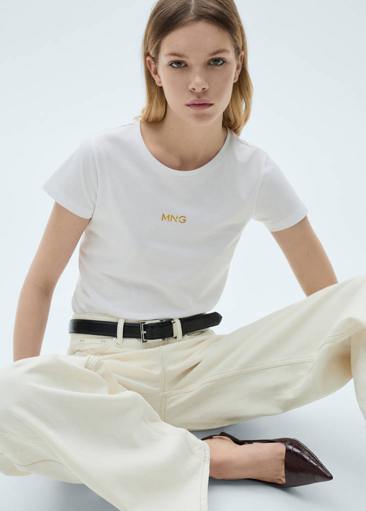 Logo cotton T-shirtCurrent price [JPY 1,490 ]JPY 1,490Select a colourWhiteThe model is wearing size S and is 176cm tall.Select your sizeXSSMLXLXXLDimensionsAdd to WishlistSee lookFree delivery to storeShort sleeves. Mango logo print. Straight design. Round neck. T-shirt. Logo print. 100% cotton fabric. No Fastening. Fitted designDetails, composition and careStore availabilityItem qualitiesRecycled cottonAt least 20%This fibre is obtained from pre- and post-consumer textile waste that is transformed into new fabrics.
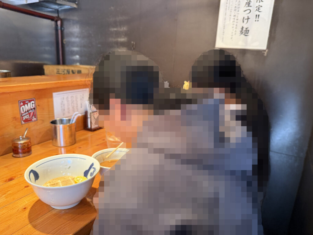 お店に着いて、早速店外の食券機で各々が食べたいモノを選びますが、どうも二人とも萎縮してしまって、あまり高いものは頼めないようで、最終的には普通に「つけ麺」を選択(^^;。
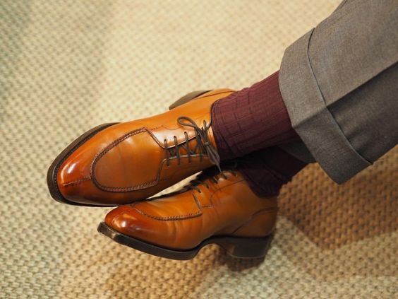 Top Quality Tan Brown Split Toe Lace Up Pure Leather Shoes Material:
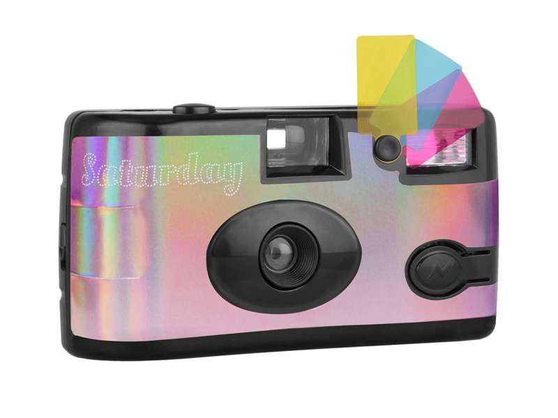 ロモグラフィー、「LomoChrome Purple」を装填したレンズ付きフィルム。ホログラムデザインの“Saturday Edition”(2/7)
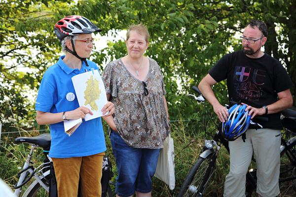 Im Mittelpunkt am Sonntag stand die Natur. Dr. Doris Jensch vom Naturschutzbund (NABU) führe die Gruppe von etwa 30 Personen durch die Gemeinde. An den einzelnen Stationen informierte sie über die Pflanzenwelt in Dörfern, die historische Entwicklung unserer Landschaft und die heimische Vogelwelt. Ergänzt wurden die Informationen von der Natur- und Vogelschutzgruppe, die an verschiedenen Stellen über ihre Arbeit informierte. Die Tour endete am Solarpark, wo das Solarcafé der Nabu schon mit Kaffee und Kuchen wartete.
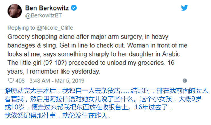 成千上萬的網友在這條帖子下留言,分享他們與陌生人之間的温馨故事,讓大家看到了人性的美好。這些讓網友們念念不忘的經歷,其實大多數都是很小的事情。比如,一名小女孩在媽媽的提醒下幫手臂受傷的陌生男子拿東西:
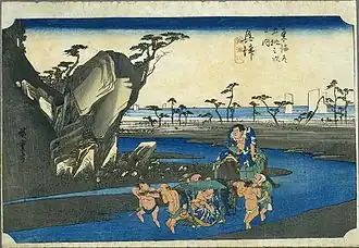 The classic ukiyo-e print by Andō Hiroshige (Hōeidō edition) from 1831–1834 depicts two sumo wrestlers being carried across the Okitsu River, one on a packhorse and the other in a kago.
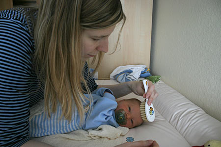 Nach 3 Tagen im Krankenhaus kam Hendrik mit Mama nach Hause. Dort wurde gleich das neue Bett getestet in dem schon zwei neue Freunde auf ihn warteten.

-*-*-

What is wanted is a word-for-word restatement of the entries, without their images.

▸ **Answer to this problem**:
 Logo cotton T-shirtCurrent price [JPY 1,490 ]JPY 1,490Select a colourWhiteThe model is wearing size S and is 176cm tall.Select your sizeXSSMLXLXXLDimensionsAdd to WishlistSee lookFree delivery to storeShort sleeves. Mango logo print. Straight design. Round neck. T-shirt. Logo print. 100% cotton fabric. No Fastening. Fitted designDetails, composition and careStore availabilityItem qualitiesRecycled cottonAt least 20%This fibre is obtained from pre- and post-consumer textile waste that is transformed into new fabrics.
 お店に着いて、早速店外の食券機で各々が食べたいモノを選びますが、どうも二人とも萎縮してしまって、あまり高いものは頼めないようで、最終的には普通に「つけ麺」を選択(^^;。
 Top Quality Tan Brown Split Toe Lace Up Pure Leather Shoes Material:
 ロモグラフィー、「LomoChrome Purple」を装填したレンズ付きフィルム。ホログラムデザインの“Saturday Edition”(2/7)
 Im Mittelpunkt am Sonntag stand die Natur. Dr. Doris Jensch vom Naturschutzbund (NABU) führe die Gruppe von etwa 30 Personen durch die Gemeinde. An den einzelnen Stationen informierte sie über die Pflanzenwelt in Dörfern, die historische Entwicklung unserer Landschaft und die heimische Vogelwelt. Ergänzt wurden die Informationen von der Natur- und Vogelschutzgruppe, die an verschiedenen Stellen über ihre Arbeit informierte. Die Tour endete am Solarpark, wo das Solarcafé der Nabu schon mit Kaffee und Kuchen wartete.
 成千上萬的網友在這條帖子下留言,分享他們與陌生人之間的温馨故事,讓大家看到了人性的美好。這些讓網友們念念不忘的經歷,其實大多數都是很小的事情。比如,一名小女孩在媽媽的提醒下幫手臂受傷的陌生男子拿東西:
 The classic ukiyo-e print by Andō Hiroshige (Hōeidō edition) from 1831–1834 depicts two sumo wrestlers being carried across the Okitsu River, one on a packhorse and the other in a kago.
 Nach 3 Tagen im Krankenhaus kam Hendrik mit Mama nach Hause. Dort wurde gleich das neue Bett getestet in dem schon zwei neue Freunde auf ihn warteten.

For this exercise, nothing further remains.